Republicans in the General Assembly have introduced several bills addressing ethical loopholes, procedural fixes, or agency decision review. Here are five of these bills, and only one, the first one, is a good idea.

House Bill 341 would correctly address an obvious conflict of interest issue. The bill prohibits an appropriation for a grant-in-aid to a nongovernmental entity that employs a member of the Joint Finance Committee. You can’t sit on the JFC and grant yourself money. The bill also applies to the Bond Committee. You can’t sit as a member of the General Assembly on the Joint Committee on Capital Improvement (Bond Committee) and grant a nongovernmental entity that employs you money.

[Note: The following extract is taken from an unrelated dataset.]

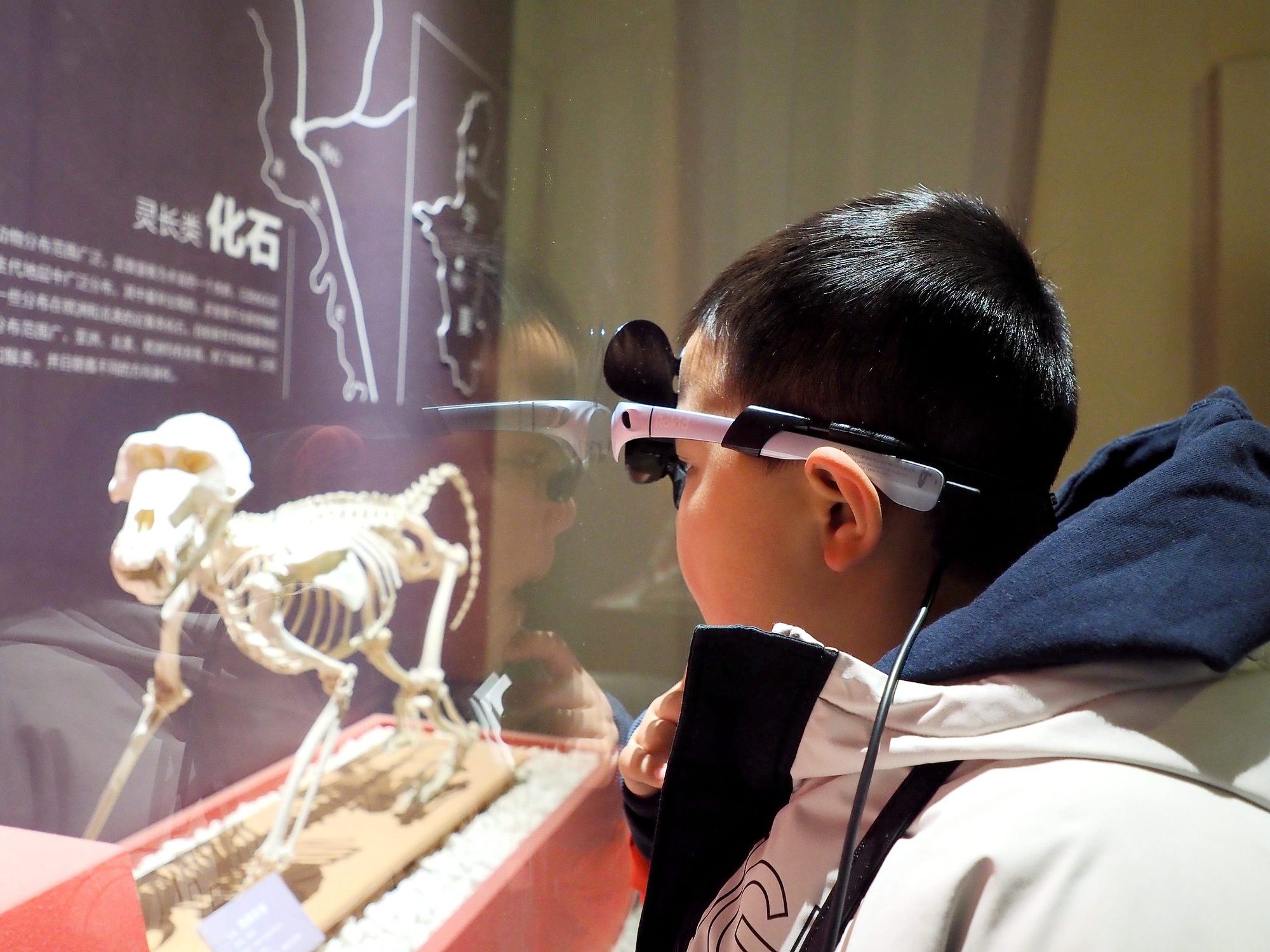 小朋友通過(guò)AR智能導(dǎo)覽眼鏡參觀(guān)展覽
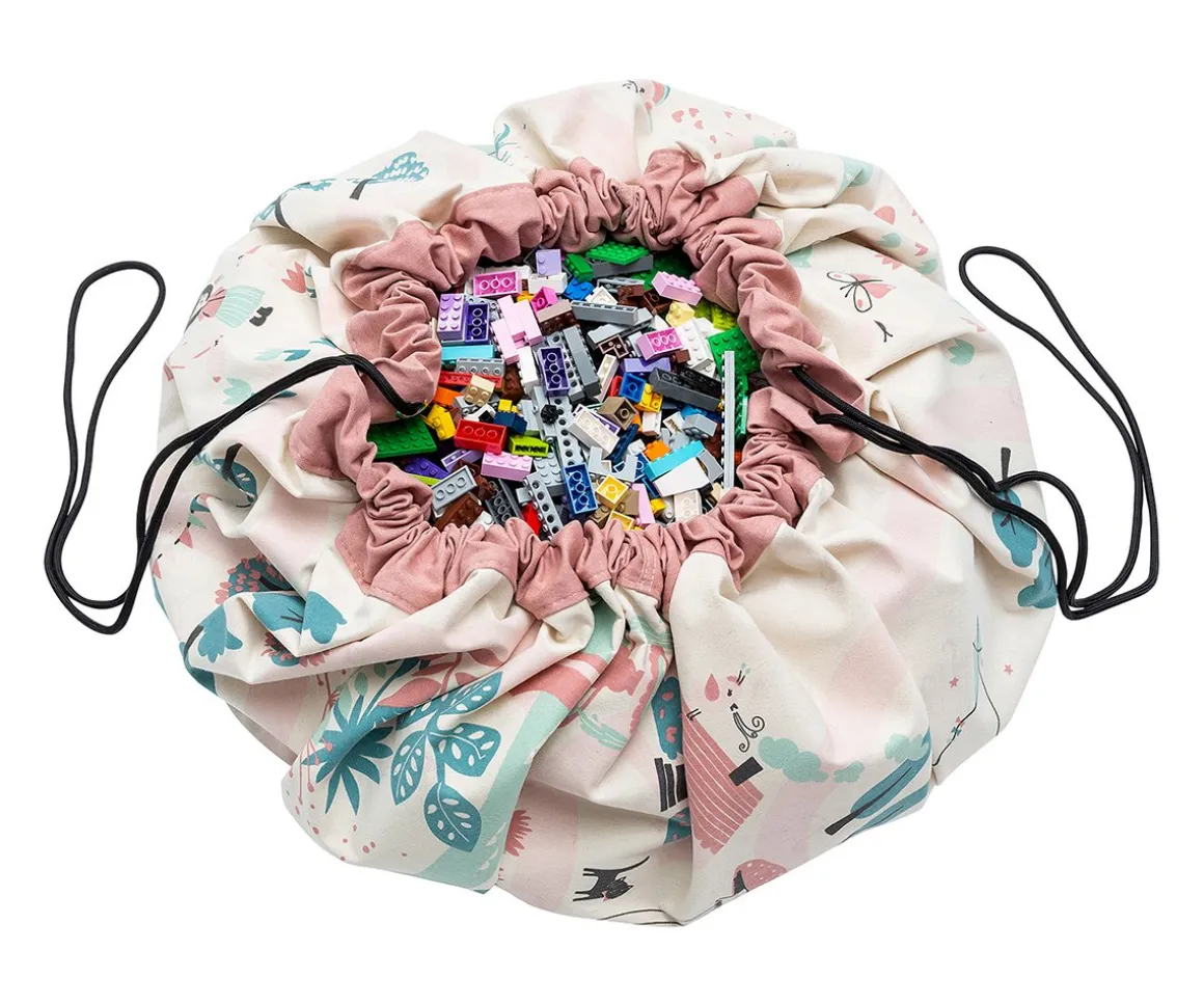 Este saco se desdobla y se convierte en una manta de juegos donde el niño puede jugar con todas sus juguetes, grandes y pequeños, y cuando llega la hora de acostarse, sólo hay que cerrarla y ya está todo recogido.

It’s just common sense. And the only reason Democrats in the House won’t bring it to the floor is because it may directly affect one of them or it will embarrass them. And if that is the case, then you are the reason this bill is needed.

HB341Prohibiting Self Interested Funding of Entities that employ members of the Joint CommitteesCurrrent Status – House Administration 3/12/24
House SponsorsShupe, YearickSenate SponsorsHocker, Lawson
House Yes VotesSenate Yes Votes
House No VotesSenate No Votes
House Absents or Not VotingSenate Absent or Not Voting

House Bill 20 would give House and Senate committees the ability to review state agency regulatory proposals with their scope of focus. The bill specifically requires the following:

(1) Making clear that the Registrar of Regulations is required to provide notice of each regulation proposed by a state agency to each member of the appropriate standing committee of each House of the General Assembly and to provide any comments collected from members of the standing committee to the state agency.

(2) Making clear that the Chair of a standing committee may also schedule a committee meeting during the regular session of the General Assembly to consider a rule, regulation, or amendment to a rule or regulation that impacts or is within the subject-matter jurisdiction of the committee.

(3) Requiring the Chair of a standing committee to hold a committee meeting when a majority of the members of a standing committee of either House of the General Assembly believe in good faith that the rule, regulation, or amendment to a rule or regulation impacts or is within the subject-matter jurisdiction of the committee and the committee should meet to consider the rule, regulation, or amendment to a rule or regulation.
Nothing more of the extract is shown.